# [WORK TASK]
When you reach the line below that has "Christmas shopping online.", start returning lines exactly, and stop after the line that has "Bent Hansen Hemingway"; skip the pictures.

# [DATASET EXTRACT]
= = = =
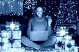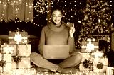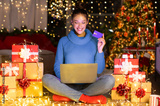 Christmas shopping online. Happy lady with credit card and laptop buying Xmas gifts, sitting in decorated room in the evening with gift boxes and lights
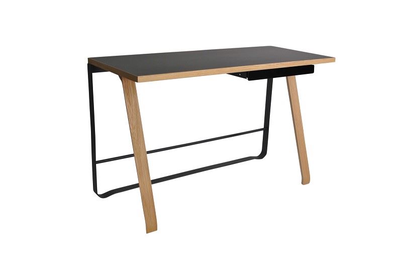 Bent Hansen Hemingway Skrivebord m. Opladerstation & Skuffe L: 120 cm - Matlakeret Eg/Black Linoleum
= = = =
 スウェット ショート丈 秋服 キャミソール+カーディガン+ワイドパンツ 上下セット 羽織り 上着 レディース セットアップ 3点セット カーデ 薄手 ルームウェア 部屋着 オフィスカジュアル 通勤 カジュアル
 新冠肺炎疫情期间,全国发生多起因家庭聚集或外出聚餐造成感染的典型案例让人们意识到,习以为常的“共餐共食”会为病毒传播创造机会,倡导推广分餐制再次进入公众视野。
= = = =
# [ANSWER BOX]
 Christmas shopping online. Happy lady with credit card and laptop buying Xmas gifts, sitting in decorated room in the evening with gift boxes and lights
 Bent Hansen Hemingway Skrivebord m. Opladerstation & Skuffe L: 120 cm - Matlakeret Eg/Black Linoleum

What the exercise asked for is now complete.